▶ EXERCISE DESCRIPTION
Do not copy the pictures. Write out the lines from the start of the entries through the line containing "产品中心 防爆管件系列 BGJ系列防爆管接头(d II)".

<<<<

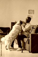 Blind African man in glasses playing with guide dog sitting on sofa at home
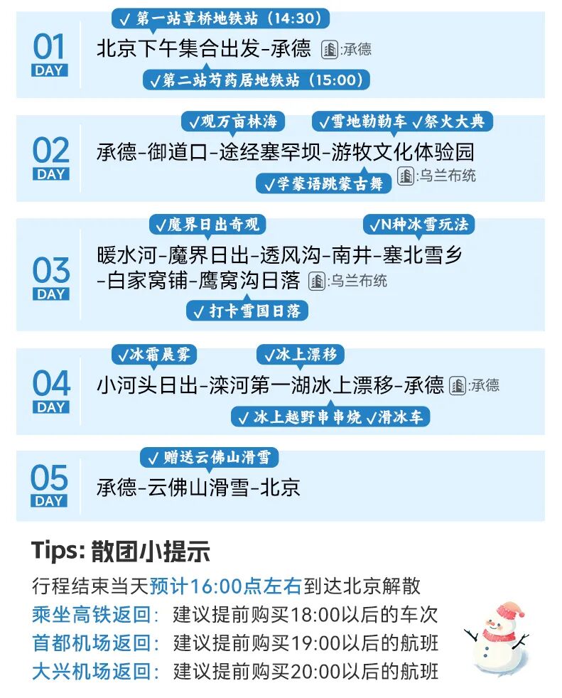 午餐后,我们继续滑雪,下午14:00大家退还雪具,集合返回北京解散,大约16:00,我们到达北京,结束愉快的冰雪狂欢之旅!期待我们下次相遇哦~
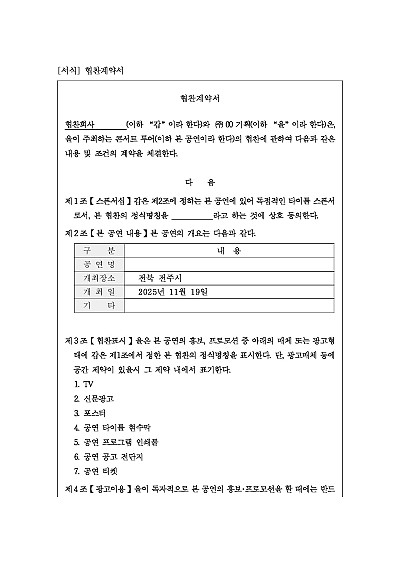 주요내용 : 스폰서십, 공연내용, 협찬표시, 광고이용, 을의 의무 부가서비스, 대가, 권리양도금지, 계약위반 효과 등 내용 기재. 단 무단전재 방지목적으로 PDF 파일로 올리니구매하신 후 혹 원본 파일이 필요하신 분들은 톡이나 문자메일전화 등을 주시면 작성방법 등에 대한 간단한 무료상담과 함께 원본 파일을 보내드리도록 하겠습니다.
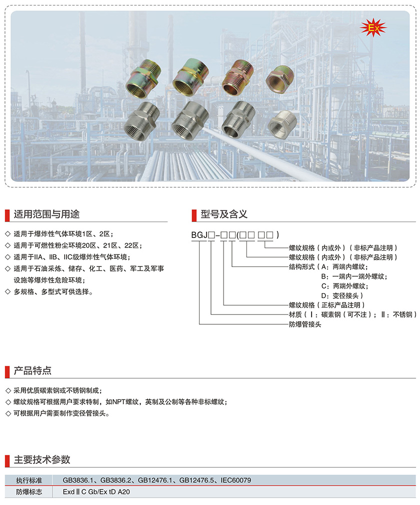 产品中心 防爆管件系列 BGJ系列防爆管接头(d II)
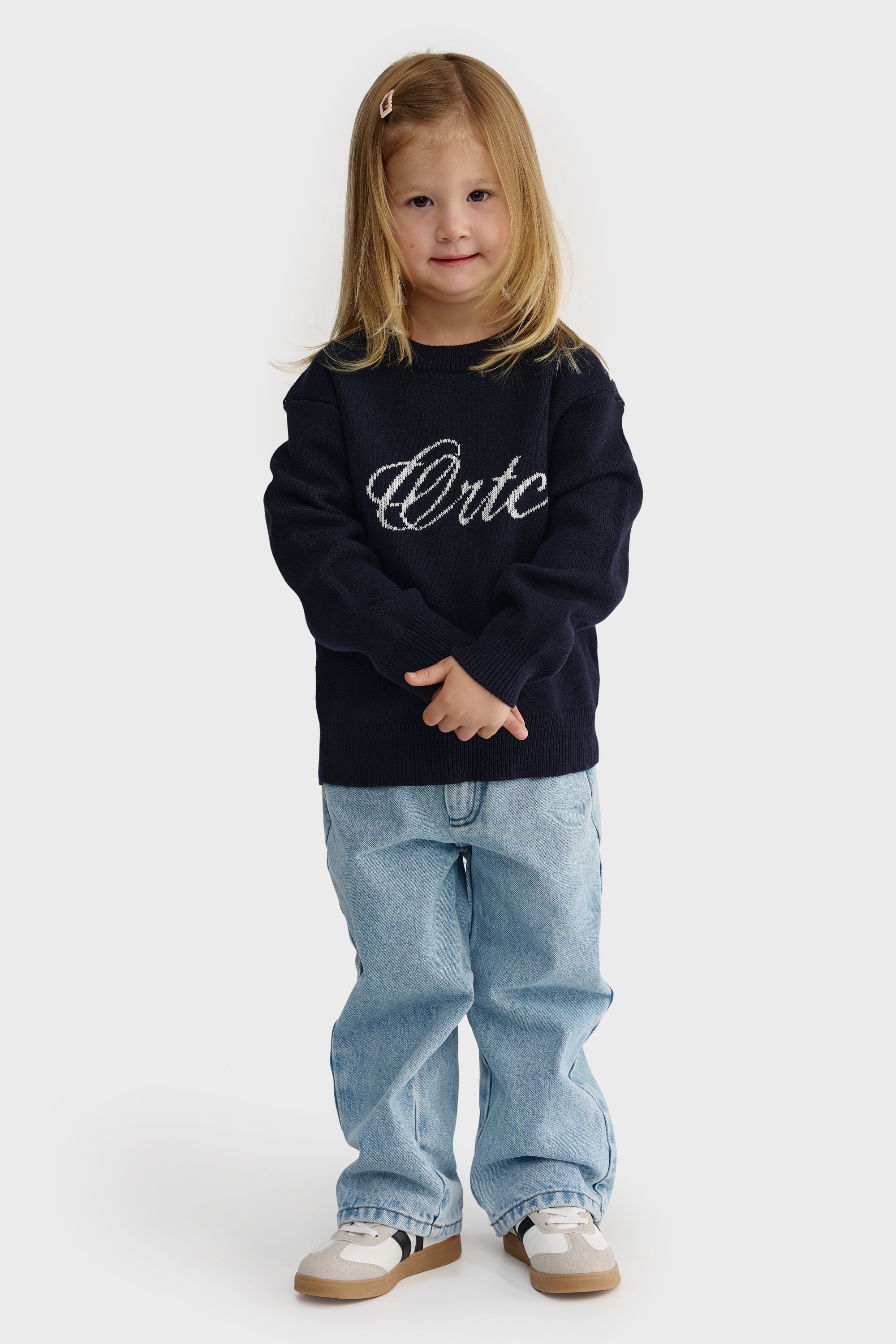 The Jnr Script Logo Knit Crew is designed for everyday comfort with a premium feel. Crafted from a soft cotton–cashmere blend, it’s breathable, and perfect for layering through the seasons. Featuring a relaxed fit with a drop shoulder, this knit offers an easy, oversized look. Finished with a bold ORTC script logo across the chest and ribbed trims, this is a piece that moves with them—keeping them warm, comfortable, and effortlessly styled
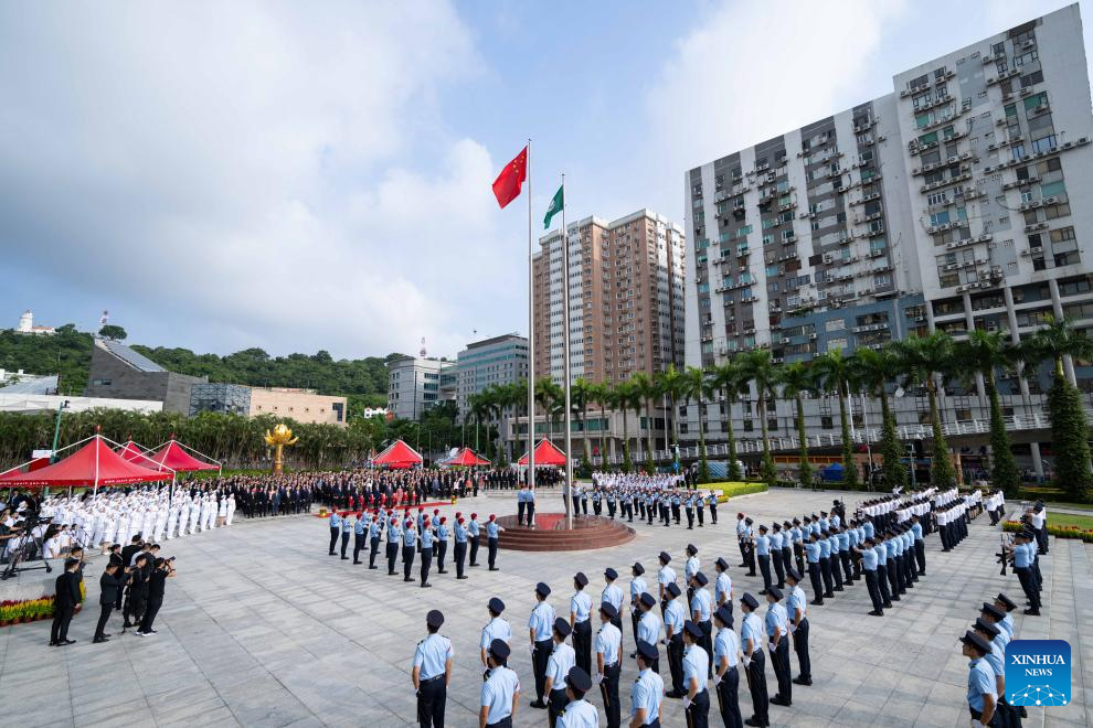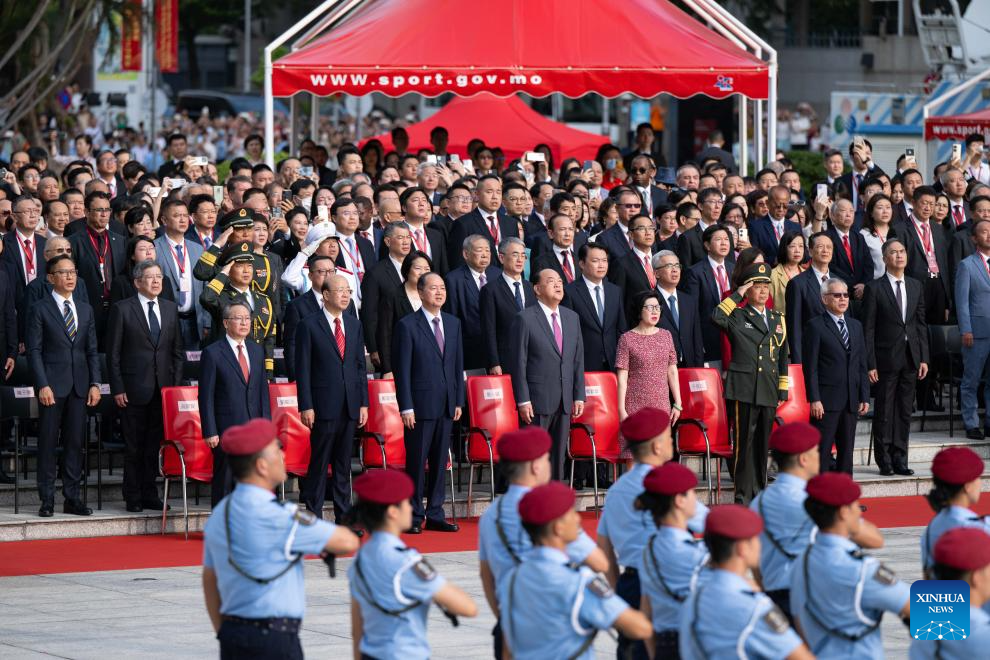 MACAO, Oct. 1 (Xinhua) -- China's Macao Special Administrative Region (SAR) on Sunday held a series of events to celebrate the National Day, including a flag-raising ceremony, a running event, a reception and a fireworks show.
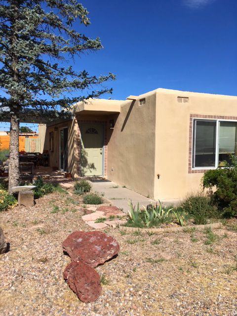 Adorable, sweet two bedroom in established and convenient neighborhood. Super sunny, bright and happy, this home features stainless steel appliances, granite counters, wonderful warm wood floors, double sink in bathroom, and a fantastic large patio with pergola to enjoy the outdoors. Custom stone fireplace in living room adds something special. Completely private back yard with high wall enclosing front yard. Single car garage has been converted into a workshop/storage area. One year lease. Dogs considered. Available September 1. Security deposit $1495.00

>>>>

▶ RESULT
 Blind African man in glasses playing with guide dog sitting on sofa at home
 午餐后,我们继续滑雪,下午14:00大家退还雪具,集合返回北京解散,大约16:00,我们到达北京,结束愉快的冰雪狂欢之旅!期待我们下次相遇哦~
 주요내용 : 스폰서십, 공연내용, 협찬표시, 광고이용, 을의 의무 부가서비스, 대가, 권리양도금지, 계약위반 효과 등 내용 기재. 단 무단전재 방지목적으로 PDF 파일로 올리니구매하신 후 혹 원본 파일이 필요하신 분들은 톡이나 문자메일전화 등을 주시면 작성방법 등에 대한 간단한 무료상담과 함께 원본 파일을 보내드리도록 하겠습니다.
 产品中心 防爆管件系列 BGJ系列防爆管接头(d II)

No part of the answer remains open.